То, что именно Принцепс своими целительными руками исцелил истекающее кровью государство, было самонадеянностью, которую мало кто после гражданских войн оспаривал. Когда в здании Сената был вывешен золотой щит с перечислением главных добродетелей Августа, надпись гласила, что он был помещен туда Senatus Populusque Romanus, «Сенат и римский народ». И все же этот прекрасно звучащий лозунг, даже провозглашая гармонию между элитой города и его массами, намекал также и на разделение. Преданность граждан Рима общему благу, столь драгоценному для них как идеал, с самого начала их города сопровождалась соперничающим барабанным боем. Когда Ромул, стоя на Палатине, наблюдал за двенадцатью орлами, пролетающими над его головой, он соревновался со своим близнецом. Рем, со своей собственной точки обзора к югу от Палатина на вершине, называемой Авентин, увидел жалких шесть птиц; И с этого момента судьбы двух холмов-близнецов были предопределены. Подобно тому, как Палатин всегда служил городу самым исключительным центром власти, Авентин служил оплотом обездоленных, бедняков – плебса. За гражданским единством, предметом гордости Республики, всегда билось сердце классового недовольства. Бедняки, которых высшие классы презирали как plebs sordida – «немытых», – имели давнюю и гордую традицию отстаивать свои права. Неоднократные попытки подавить их свободу встречали героическое сопротивление.
Самым почитаемым памятником такому сопротивлению, воздвигнутым на нижнем склоне Авентина за столетия до того, как Антоний задумал присвоить его себе, было не что иное, как святилище Либера. Оно увековечивало событие, произошедшее ещё в 494 году до нашей эры, когда плебс, угнетённый долгами и поборами богачей, устроил массовую забастовку. Двигаясь вверх по реке от Рима, забастовщики разбили лагерь на холме с видом на Тибр. Здесь, в резком ответе на институт консульства, они избрали двух собственных должностных лиц – «трибунов»101 – чтобы те служили стражами их интересов. Трибуны, по соглашению плебса, должны были считаться неприкосновенными. Жизнь любого, кто тронет их хотя бы пальцем, должна была быть погублена. Были заключены леденящие кровь соглашения на этот счёт. Римские высшие классы с большой неохотой были вынуждены принять эти условия. Спустя столетия трибунат превратился в одну из самых влиятельных должностей во всей Республике. Нападение на гражданина, занимавшего эту должность, считалось святотатством. Трибун мог приговорить к смертной казни любого, кто оспаривал его власть; наложить вето на законы, которые он не одобрял; созвать Сенат и предложить собственные меры. Привилегии этого сословия, обременённые традициями и потенциально грозные своим размахом, не могли не вызвать интереса у принцепса.

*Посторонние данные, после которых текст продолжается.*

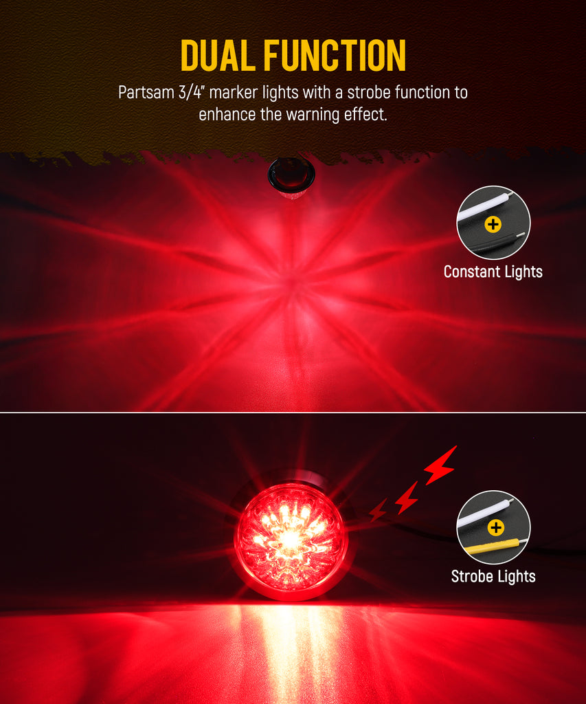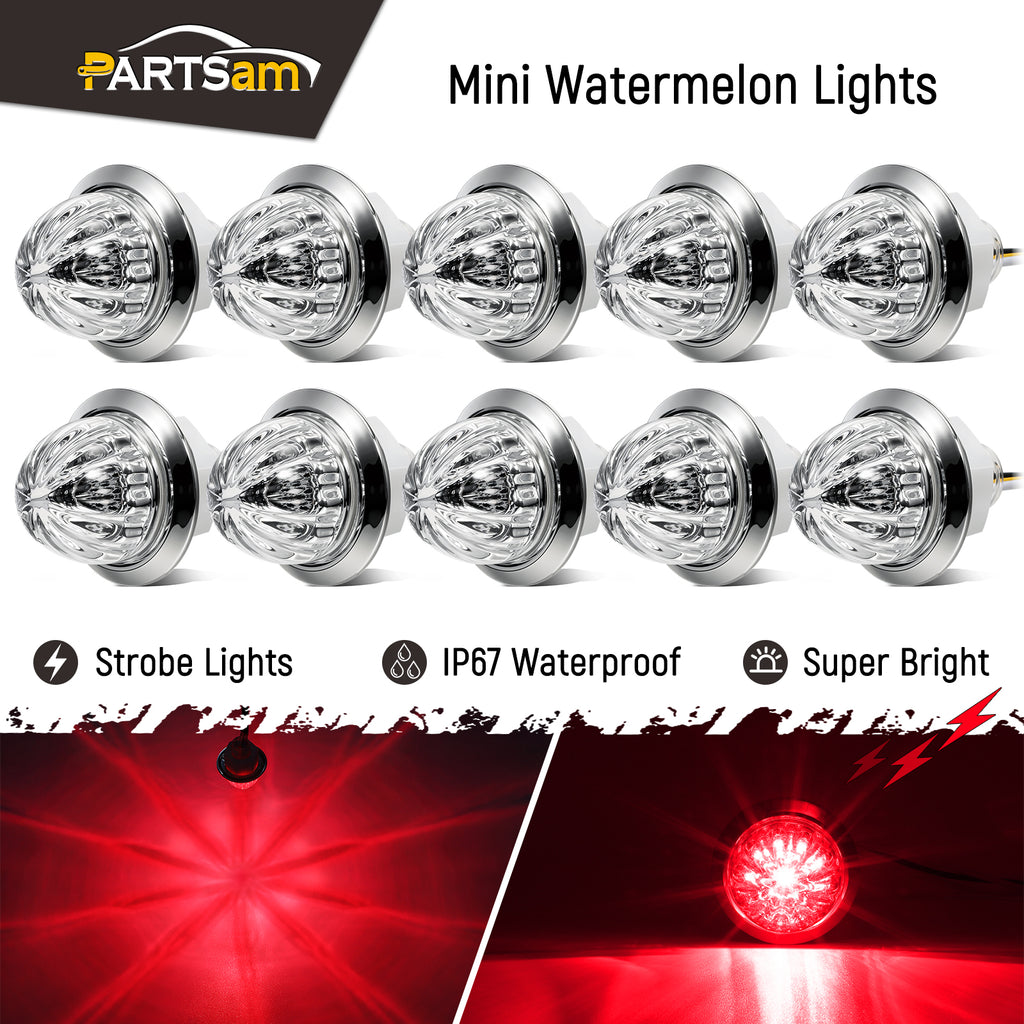 Partsam 10 Pcs Red Watermelon Side Marker LED Dual Function Strobe + Marker Lights, 12V Side Clearance Tail Griller Flash Lights Turn Signal Warning Waterproof Light for Trailer Truck RV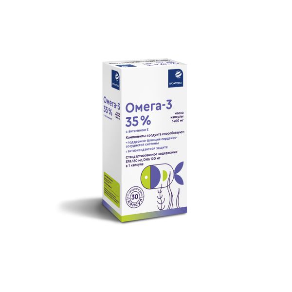 В 1 капсуле содержится: ПНЖК Омега-3 350 мг, в т. ч. эйкозапентаеновой (EPA 180 мг) и докозагексаеновой кислот (DHA 120 мг); Витамин Е - 3,3 мг.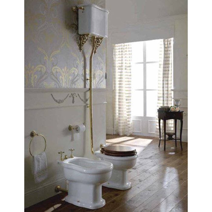 —Sbordoni Palladio Унитаз 43х36см, с высоким бачком, слив в стену, фурнитура: мат. бронза, цвет: белый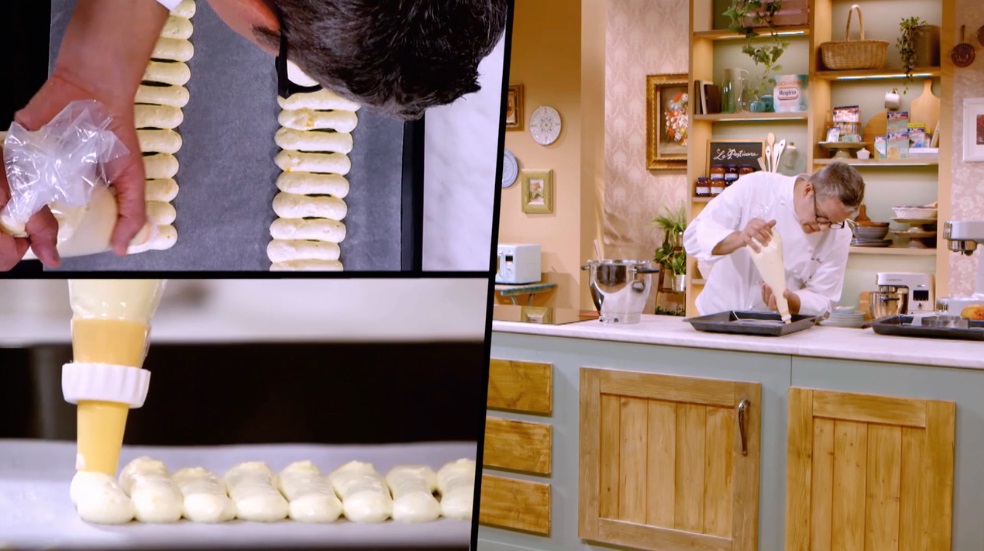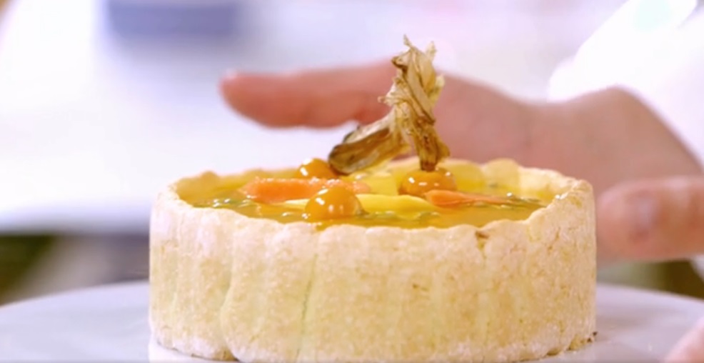- Bavarese esotica: 75 g latte, 125 g mango fresco, 225 g frutto della passione, 25 g zucchero, 60 g tuorlo, 10 g gelatina, 200 g cioccolato bianco, 600 g panna
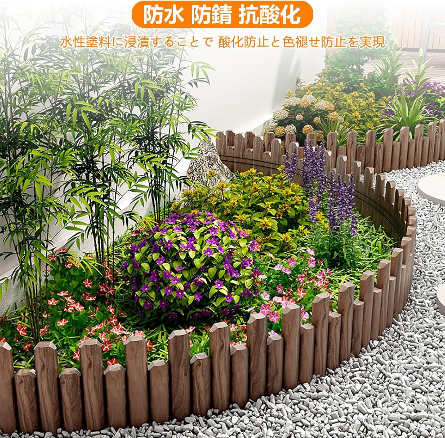 ガーデニング「ウッドフェンスのカラフル花壇」の作り方ぬくもり。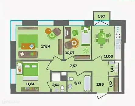 Общая площадь 74 м2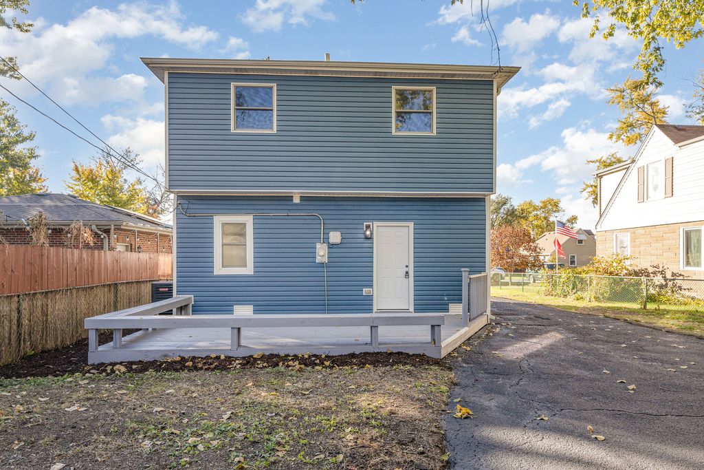Welcome home to this charming and beautifully updated Cape Cod featuring 4 bedrooms and 3 full baths. The renovated kitchen boasts new cabinetry, sleek quartz countertops, ss appliances, a custom tiled backsplash, and durable LVP flooring that flows seamlessly throughout the main level. Enjoy easy access to the large private deck and spacious yard that's perfect for relaxing or entertaining. The open concept living and dining area shines with extensive recessed lighting and a striking feature wall, creating a warm and inviting space. The main level primary bedroom offers a stunning ensuite bath, while a second renovated full bath and convenient main-level laundry add extra flexibility. Upstairs, you'll find three additional bedrooms and another remodeled full bath. A detached two car garage provides ample parking and additional storage. With all new flooring, lighting, and paint, plus a newer roof, HVAC, and hot water heater, this home offers years of maintenance-free living for peace of mind. Nestled in a quiet residential area yet close to restaurants, shopping, parks, and only a few blocks to the Metra and I294 making for a quick commute.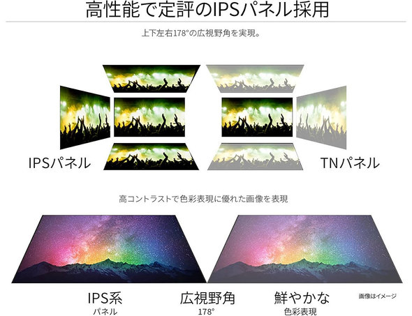 しかしながらこちらのモデルはAmazon限定。予算の限られている状況ですので、たまっているヨドバシのポイントを使いたいところです。また、パネルの種類がこれまで使用していたものと同じVAでしたので、できればIPSのモデルにしたいとも考え、こちらはスルーしました。とはいえ、なんといっても価格が魅力的なモデルなので、状況が違っていればこちらを選んだかもしれません。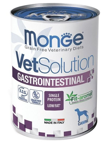 MONGE VETSOLUTION Dog GASTROINTESTINAL влажная диета для собак Гастроинтестинал 400 г.Легкоусвояемый корм для взрослых собак с повышенным содержанием натрия и калия и пониженным содержанием жира для устранения симптомов расстройства пищеварения. Содержит нуклеотиды для поддержки иммунной системы, конский каштан для здоровья кишечника, ксилоолигосахариды (X.O.S.) для защиты кишечной микробиоты.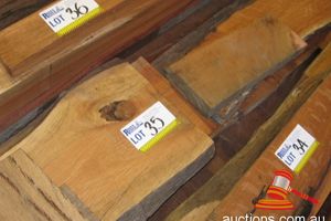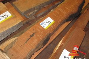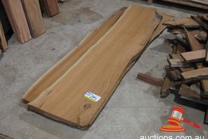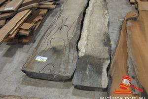 BLACKBUTT SLABS 2.75M LONG X 400MM WIDE X 40MM THICK WITH 2 BOARDS 1.2M LONG X 200MM WIDE X 30MM THICK SKIP DRESSED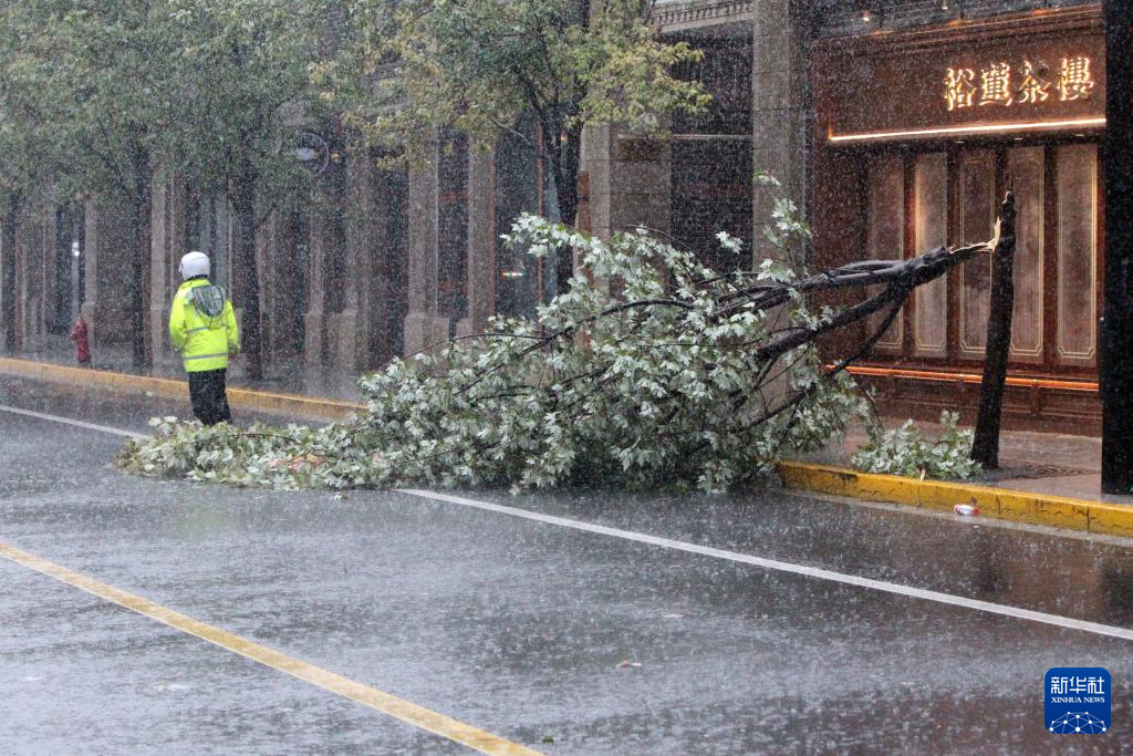 9月16日,上海长宁消防救援支队消防员在移除被风吹倒的树木。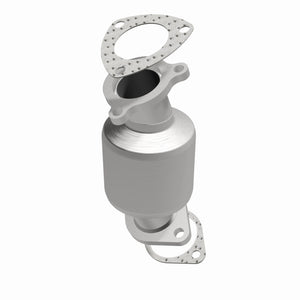 Keep the check engine light off with MagnaFlow HM Grade Federal/EPA Compliant Direct-Fit Catalytic Converter 93187. With features including free-flowing mandrel-bent tubing and highly corrosion resistant stainless steel construction, easily install this spun body converter yourself using the proper tools, no cutting or welding required. MagnaFlow's state-of-the-art metrology department uses the latest 3D scanning systems during research and development, so you can be confident that your new part will fit and function like the original equipment. By replicating the OE spun body design, the single laser fusion weld greatly reduces the possibility of a leak, and our compact, low-mass design also allows for greater thermal efficiency. Designed to fit the 2000-2005 Mitsubishi Eclipse, 2001-2005 Dodge Stratus, and more, this direct-fit catalytic converter also interchanges with OE parts MN135543 and MR464478, among others. Avoid potential exhaust leaks by using the included gaskets to get a proper seal. This replacement part is designed to meet or exceed Federal emissions requirements set forth by the EPA, complying with legal standards for OBDII Federally registered vehicles with Federal/EPA Emission systems.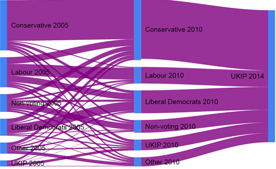 A much larger proportion of UKIP support in 2015 came from former Tories and from former LibDem voters. This is not a 2015 specific finding. Prior to the election Geoff Evans and Jon Mellon of the University of Oxford reported similar finding for the period leading up to 2014. The below diagram shows voter flows between parties from 2015-2010 and voter flows to UKIP for the 2014 local and European elections.
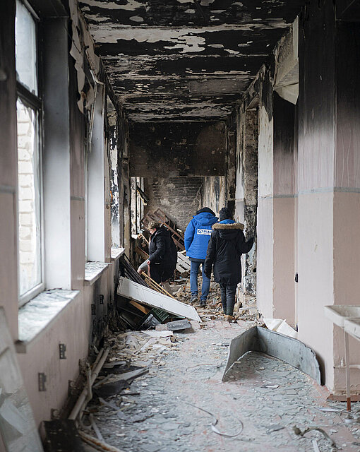 Ludmila, die unerschütterliche Schulleiterin, führt eine Delegation von Plan International durch das verkohlte Gebäude und zeigt die Zerstörung auf: Hier befand sich vorher ein kleines Museum, dort die Turnhalle der Schule. Der Boden ist mit Glasscherben übersäht, die Wände sind vom Feuer geschwärzt. In einem der Klassenzimmer türmt sich, was einmal Schulpulte waren – jetzt sind nur noch die Metallrahmen übrig, da die Flammen die hölzernen Tischplatten verschlungen haben.
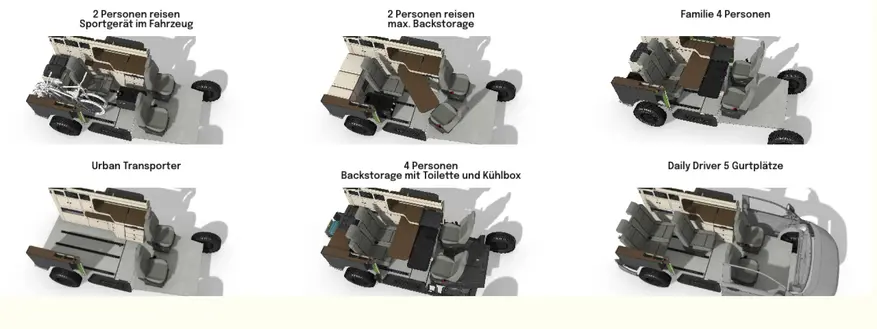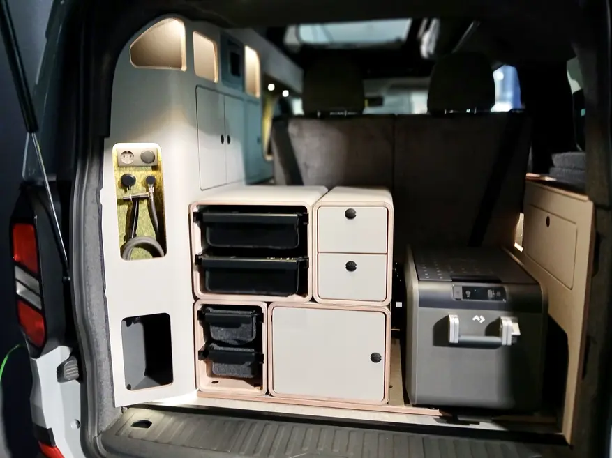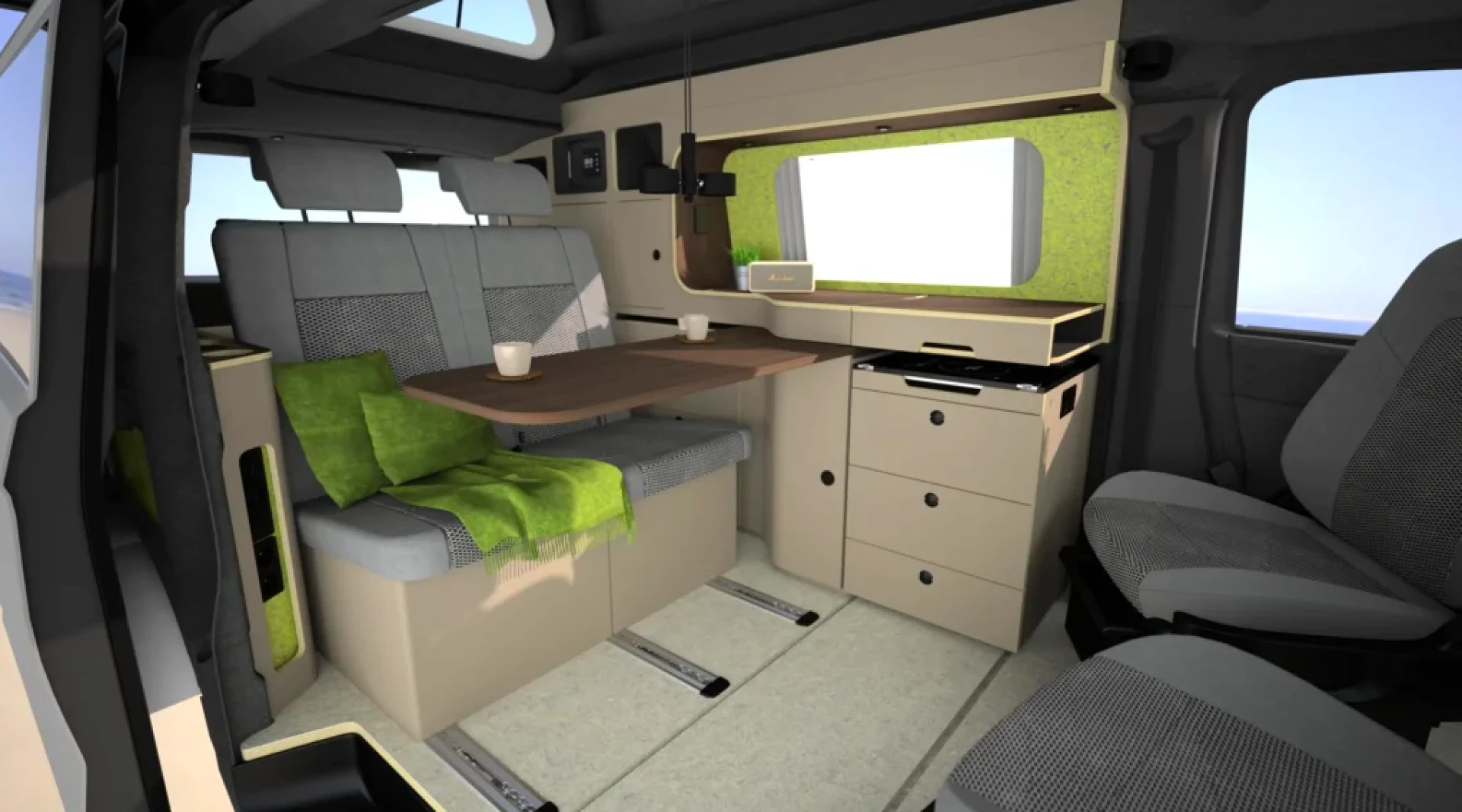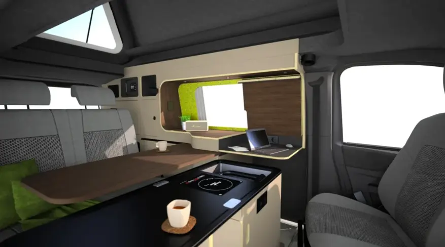 Внутри фургона на полу установлены направляющие, позволяющие перемещать кухонный блок с индукционной плитой и раковиной. Блок можно выдвинуть наружу через раздвижную дверь или зафиксировать в центре салона для использования в качестве рабочего места.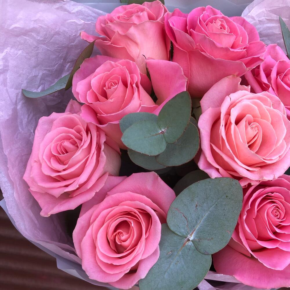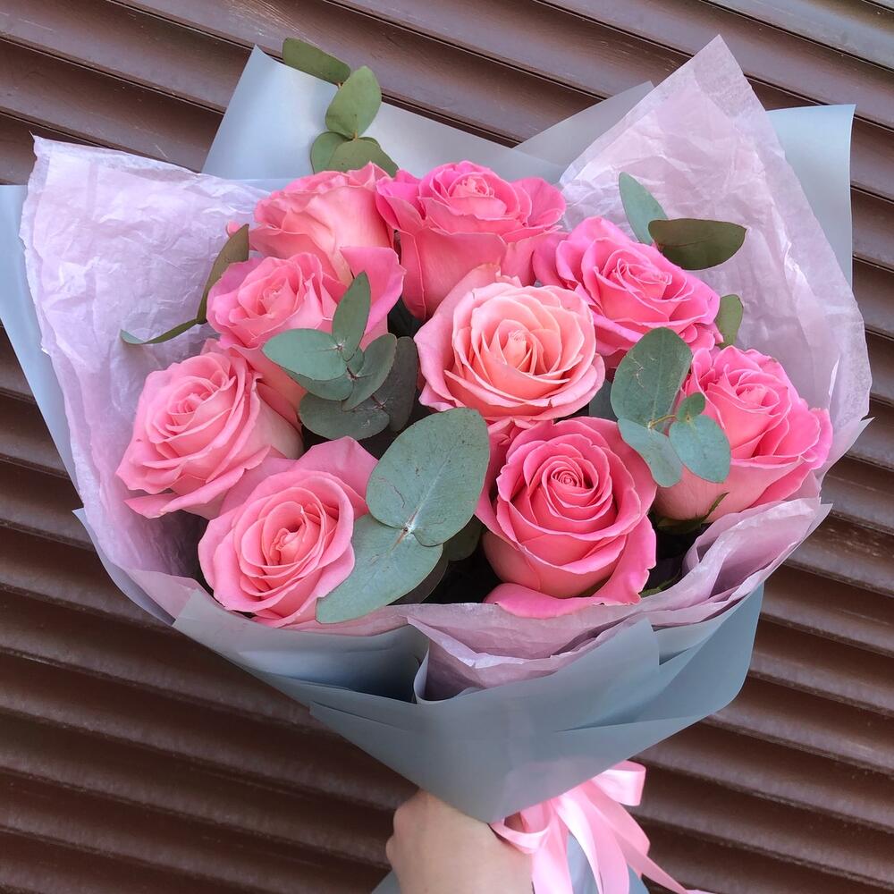 Эвкалипт – 4 шт.Лента атласная – 2 шт.Тишью – 2 шт.роза Hermosa – 9 шт.Пленка матовая – 4 шт.

И действительно, в свое время он сделал свой ход. Сложив с себя консульство, он получил щедрую компенсацию. Многие из самых внушительных полномочий, переданных ему сенатом в 23 г. до н. э. и столь убедительно укрепивших его главенство, принадлежали трибуну: tribunicia potestas. Сами плебеи, отнюдь не возмущаясь присвоением их с трудом завоеванных прерогатив богатейшим человеком Рима, напротив, укрепились во мнении, что он их поборник. Для них, конечно же, не было новостью, что человек высокого происхождения мог желать осуществлять tribunicia potestas. Сто лет назад два внука Сципиона Африканского, Тиберий и Гай Гракх, служили трибунами; совсем недавно бурная карьера Клодия Пульхра началась на спине трибуната. Ощутимый привкус классовой борьбы сохранялся в памяти всех троих. Враждебные элементы в Сенате были спровоцированы их волнениями на открытое насилие. Кровь лилась рекой по улицам Рима. Оба брата Гракхов были убиты: Тиберий был забит до смерти ножкой табурета, а Гай обезглавлен. Что касается Клодия, то именно беспорядки, последовавшие за его убийством политическим противником, привели к сожжению первоначального здания Сената. Возможно, тогда в рядах сенаторов царила нервозность из-за того, что Август, сложив с себя полномочия консула, принял на себя полномочия трибуна.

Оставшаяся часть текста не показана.